[David Eppstein]
Ok, I think you're right, for this sort of thing heapq is better. One could extend my priorityDictionary code to limit memory like this but it would be unnecessary work when the extra features it has over heapq are not used for this sort of algorithm.
I don't believe memory usage was an issue here. Take a look at the code again (comments removed): """ q = priorityDictionary() for dummy in xrange(N): q[Person(-1)] = -1 for person in people: if person.income > q.smallest().income: del q[q.smallest()] q[person] = person.income """ q starts with N entries. Each trip around the loop either leaves the q contents alone, or both removes and adds an entry. So the size of the dict is a loop invariant, len(q) == N. In the cases where it does remove an entry, it always removes the smallest entry, and the entry being added is strictly larger than that, so calling q.smallest() at the start of the next loop trip finds the just-deleted smallest entry still in self.__heap[0], and removes it. So the internal list may grow to N+1 entries immediately following del q[q.smallest()] but by the time we get to that line again it should be back to N entries again. The reasons I found heapq easier to live with in this specific app had more to do with the subtleties involved in sidestepping potential problems with __hash__, __cmp__, and the speed of tuple comparison when the first tuple elements tie. heapq also supplies a "remove current smallest and replace with a new value" primitive, which happens to be just right for this app (that isn't an accident <wink>): """ dummy = Person(-1) q = [dummy] * N for person in people: if person > q[0]: heapq.heapreplace(q, person) """
On the other hand, if you really want to find the n best items in a data stream large enough that you care about using only space O(n), it might also be preferable to take constant amortized time per item rather than the O(log n) that heapq would use,
In practice, it's usually much faster than that. Over time, it gets rarer and rarer for person > q[0] to be true (the new person has to be larger than the N-th largest seen so far, and that bar gets raised whenever a new person manages to hurdle it), and the vast majority of sequence elements are disposed with via that single Python statement (the ">" test fails, and we move on to the next element with no heap operations). In the simplest case, if N==1, the incoming data is randomly ordered, and the incoming sequence has M elements, the if-test is true (on average) only ln(M) times (the expected number of left-to-right maxima). The order statistics get more complicated as N increases, of course, but in practice it remains very fast, and doing a heapreplace() on every incoming item is the worst case (achieved if the items come in sorted order; the best case is when they come in reverse-sorted order, in which case min(M, N) heapreplace() operations are done).

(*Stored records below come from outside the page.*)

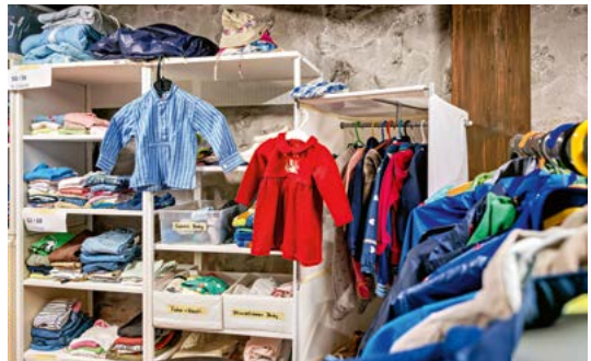
Der «Offene Kleiderschrank» befindet sich in einem Raum des Murihofs im Surseer Kirchenbezirk.

Kleider und Schuhe, Taschen, allerlei Accessoires, Schulrucksäcke oder Bettwäsche: Die Auswahl ist breit. Im grossen Raum im Murihof im Surseer Kirchenbezirk gehen Menschen ein und aus, die ihr Geld gut einteilen müssen: Armutsbetroffene aus Sursee und Umgebung. Im «Offenen Kleiderschrank» können sie sich kostenlos bedienen. Diese Möglichkeit nutzten letztes Jahr um die 100 Familien, 400 bis 500 Personen insgesamt. Letztes Jahr war der Kleiderschrank an 54 Halbtagen offen. Freiwillige – zurzeit elf – prüfen und sortieren, was Monat für Monat angeliefert wird: 40 bis 50 Säcke.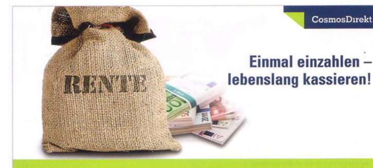
Produktflyer 4, Vorderseite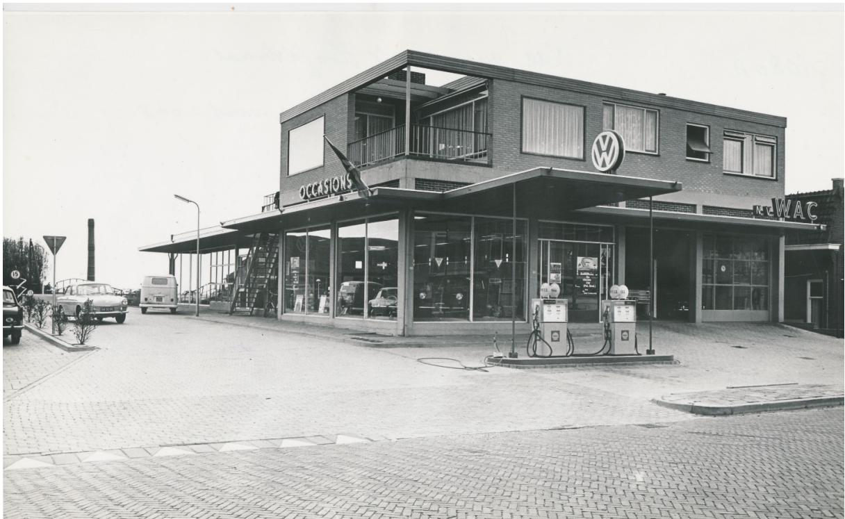
WAC garage aan de Hoofdstraat met de brugoprit naar boerderij Blijvenburg.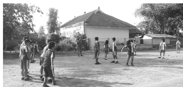
Gambar 18. Anak-anak SD belajar permainan gobak sodhor .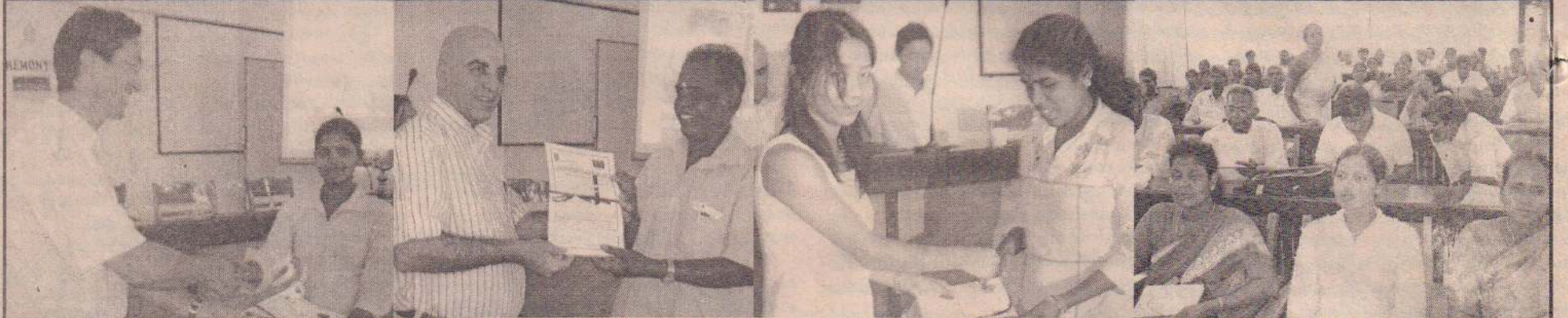
யாழ். செயலகத்தில் நடைபெற்ற நிகழ்வில் என்.டி.பி பிரதிநிதி திட்டத்திற்கான சான்றிதழைக் கையளிக்கின்றார்....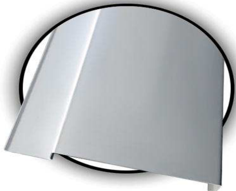
LAMA 84 LC/ 84LC PROFILE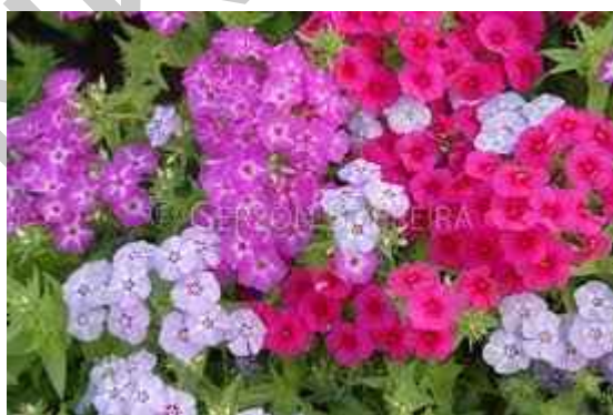
18. ábra. Lángvirág 16

Leírás: Alacsony növekedésű, a bokor 20–30 cm magas. Élénk színű, illatos virágai sokféle színben pompáznak.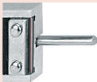
Jauge de profondeur ronde pour petits alésages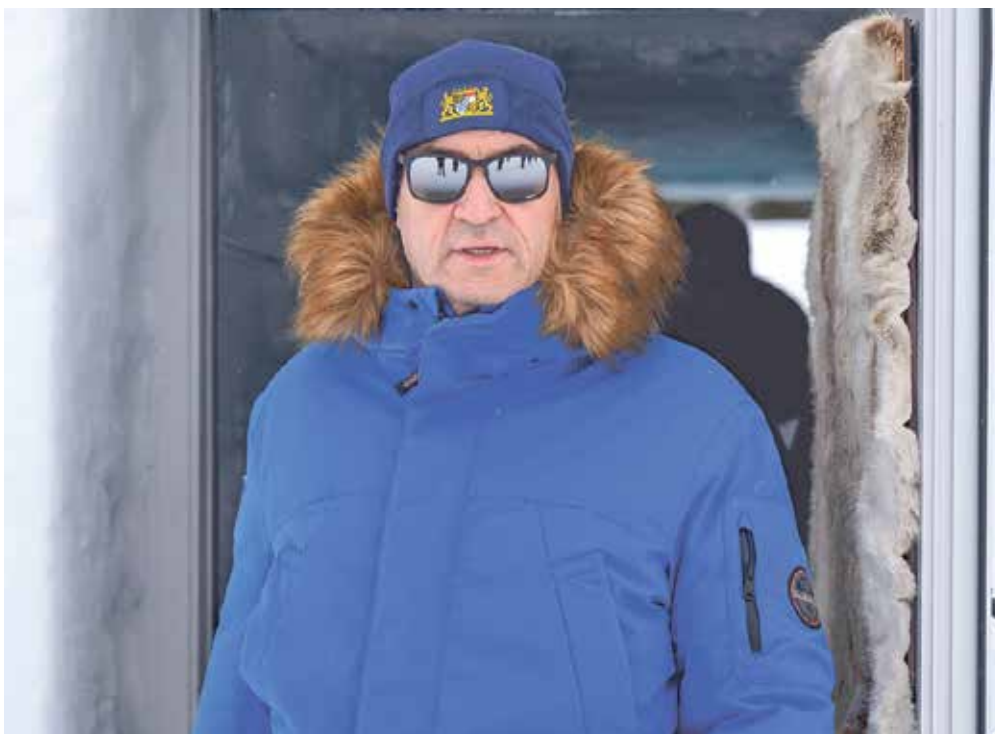
Der Ministerpräsident reiste kürzlich nach Schweden zum Esrange Space Center.

Die Hightech Agenda ist unser Bekenntnis für ein erfolgreiches Bayern auch in der Zukunft. So etwas bräuchte es für ganz Deutschland. Es braucht ein „Und“ und kein „Oder“. In den letzten Jahrzehnten gab es enorme Entwicklungen, bei denen wir dabei sein sollten. Seit der Jugend bin ich großer Fan von Raumfahrt und Science-Fiction – und was damals in manchen Filmen utopisch war, ist inzwischen in unserem realen Alltag angekommen. Ich bin kein Dystop, sondern Optimist. In Star Trek heißt es: „Space – the final frontier“. Stimmt das noch? Die Wissenschaft überwindet täglich neue Grenzen, und das in Warp-Geschwindigkeit. Deshalb glauben wir an wuchtige Investitionen in Forschung. Sie wirken noch dazu nachhaltiger als teure Subventionen in einzelne Chipfabriken. Zudem bräuchte es vom Bund eine Förderung des Mittelstands in der Breite mit niedrigeren Steuern, niedrigeren Energiepreisen und weniger Bürokratie. Wir in Bayern arbeiten hart dafür, dass wir unseren starken Wirtschaftsstandort und unsere Familienbetriebe erhalten – und damit Wohlstand für alle. Das müsste sich auch die Bundesregierung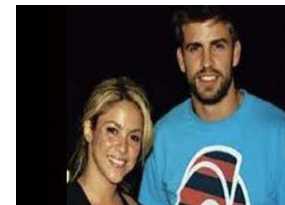
شكركم على كل ما تقدموننا به من أخبارنا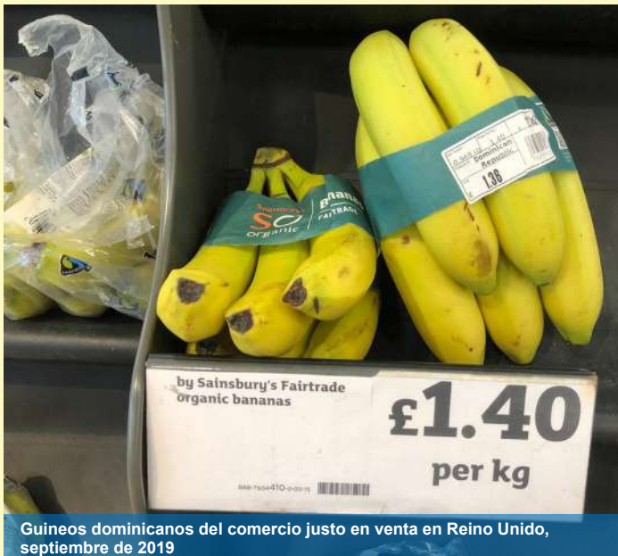
Guineos dominicanos del comercio justo en venta en Reino Unido, septiembre de 2019

E n el marco del proyecto binacional, conocido como “Trabajo Digno Cruza Fronteras”, apoyado por la Unión Europea (EIDHR/2018/155232-3/91), OBMICA tuvo a su cargo un estudio exploratorio en el sector agrícola dominicano con miras a proveer insumos para otros componentes del proyecto llevados a cabo directamente con trabajadores-as, productores y otros actores clave. Junto con OBMICA, los socios implementadores son: Servicio Jesuíta a Migrantes (organización líder, basada en Haití), Fundación AVSI, la Comisión Episcopal para la Justicia y la Paz (JILAP), y CESAL.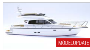
NIMBUS 405 FLYBRIDGE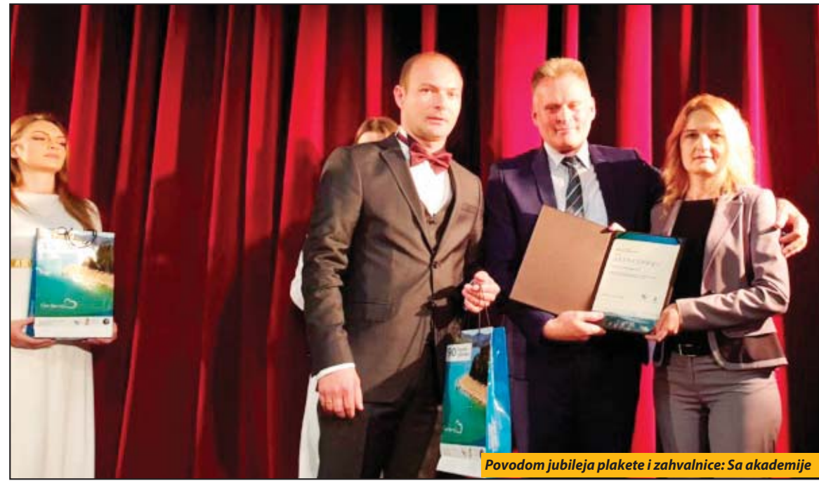
Povodom jubileja plakete i zahvalnice: Sa akademije

Obeležena 90-godišnjica organizovanog turizma u novovaroškom kraju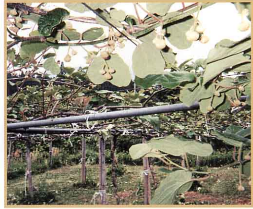
かわいい実ができたね。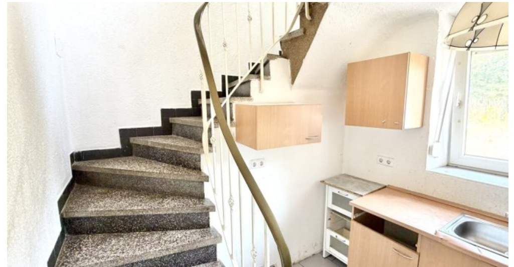
Treppe zu OG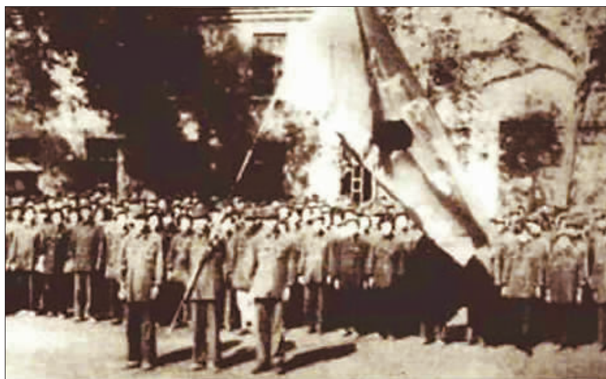
1948年夏,青干校师生参加社会活动前合影。

实精准、故事情节丰富、可读性强等。3.稿件请发送至22304430@qq.com,同时请注明姓名、个人简介(100字以内)、联系方式。

and it's not very difficult nor does it require any fancy data structures. Some time back I needed some Java code for this, haven't had an excuse to port it to Python. In case anyone's interested, it's online at http://www.ics.uci.edu/~eppstein/161/KBest.java. Looking at it now, it seems more complicated than it needs to be, but maybe that's just the effect of writing in Java instead of Python (I've seen an example of a three-page Java implementation of an algorithm in a textbook that could easily be done in a dozen Python lines).
Cool! I understood the thrust but not the details -- and I agree Java must be making it harder than it should be <wink>.
In python, this could be done without randomization as simply as
def addToNBest(L,x,N): L.append(x) if len(L) > 2*N: L.sort() del L[N:]
It's not constant amortized time due to the sort, but that's probably more than made up for due to the speed of compiled sort versus interpreted randomized pivot.
I'll attach a little timing script. addToNBest is done inline there, some low-level tricks were played to speed it, and it was changed to be a max N-best instead of a min N-best. Note that the list sort in 2.3 has a real advantage over Pythons before 2.3 here, because it recognizes (in linear time) that the first half of the list is already in sorted order (on the second & subsequent sorts), and leaves it alone until a final merge step with the other half of the array. The relative speed (compared to the heapq code) varies under 2.3, seeming to depend mostly on M/N. The test case is set up to find the 1000 largest of a million random floats. In that case the sorting method takes about 3.4x longer than the heapq approach. As N gets closer to M, the sorting method eventually wins; when M and N are both a million, the sorting method is 10x faster. For most N-best apps, M is much smaller than N, and the heapq code should be quicker unless the data is already in order.